四蓮點頭,到如今她還猜不出來麼,那外頭的宮裝女子就是這宮中的嬪妃,而她要去救的人,身份也是不難猜測了,說不得裡頭的人就是弘治帝的某個兒子……
當然,不會是已經長大成年的太子,二皇子又或是三皇子,太子身體康健,人又在東宮,依着他的身份地位,用不着用這手段把自己弄來,二皇子與三皇子都在宮外有了自己的府邸,自然也不會把自己弄進皇宮,只有小一些的皇子纔會跟着母妃住在宮裡。
所以裡面的人,那就就能是年歲小一些的皇子了,四皇子、五皇子、六皇子又或是更小的皇子?

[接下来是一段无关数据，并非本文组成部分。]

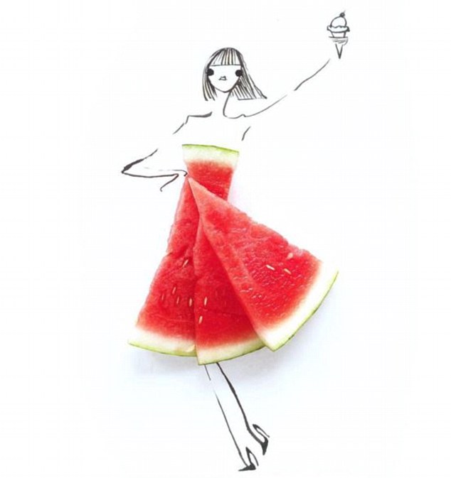 美设计师巧妙结合果蔬与素描打造时装(组图)
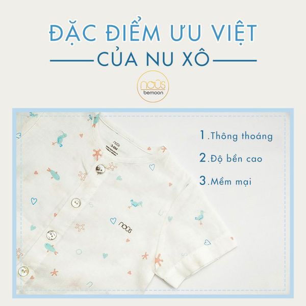 Sản phẩm làm từ chất liệu Nu Xô có kết cấu dệt mở, cho phép không khí lưu thông dễ dàng qua từng nốt vải. Vải Nu Xô không chỉ giúp cho bé tránh bị bí trong mùa hè mà hơn thế chất liệu này còn có khả năng góp phần giữ ấm cơ thể trong mùa đông khi kết hợp cùng các sản phẩm khác.
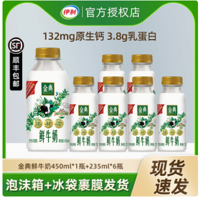 伊利金典鲜牛奶235ml*6瓶+450ml*1瓶装巴氏杀菌新鲜佐餐低温鲜奶
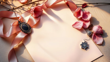 A flat lay shows a blank card surrounded by pink ribbons, flowers, and jewelry.

四蓮想起了牟彪曾經說過,那位五皇子雖說生母出身不高,但是在宮中實則是極受弘治帝寵愛的,想要在皇帝的眼皮子下頭,在冷宮之中行如此大膽行徑,不是受寵的嬪妃想來也沒那本事,所以……適才那女子十有八九便是樊貴人了?
前頭的黑袍人走到了一處房門前,站定了腳步,伸手輕輕推開了門,門裡靜悄悄的,只有一盞油燈,燈焰如豆在桌上輕輕搖曳,有宮女打扮的女子輕手輕腳的出來見着黑袍人行了一禮,黑袍人開口小聲道,
“可是睡着?”
那宮女點頭,看了一眼四蓮,側身讓開,黑袍人領着四蓮緩步進去,轉過屏風,見得牀上躺着一個孩子,生得倒是眉目如畫,與外頭那女子有七八分相似,不過小臉蒼白,脣色發紫,他似是睡得極不安穩,聽得一點響動,細長的睫毛就不停的抖動,眼皮下的眼珠子開始左右轉動,似是要醒過來,黑袍人忙上前輕輕拍撫,低聲的安慰着,四蓮一看那孩子的面相,就知這孩子確是心疾病人,所以纔會脣色呈烏紫之色。
四蓮皺了眉頭,衝黑袍人使了一個眼色,二人退出來後,四蓮才小聲道,
“你沒有告訴我是一個孩子……”
黑袍人應道,
“有甚麼關係,都是一樣的救人!”
四蓮搖頭眉頭緊鎖,
“兒童的身體怎麼能同成人比,這孩子患有先天的心疾,想來自小就體弱,若是再開胸取物,只怕是……”
只怕自己以爲的二成把握都沒有,那是十成十的會死!
黑袍人聞言目露兇光,壓低了聲音惡狠狠道,
“事到如今,你的命就同他的命綁在一塊兒了,他死……你死,他活……你活!”
四蓮聞言垂下眼皮沒有多言,心中暗道,
“他死我死,他活我也是死,人都讓我見着了,還能有活路麼?”
半晌她緩緩道,
“你即是通醫術,便開一劑昏睡的藥給他吃了……”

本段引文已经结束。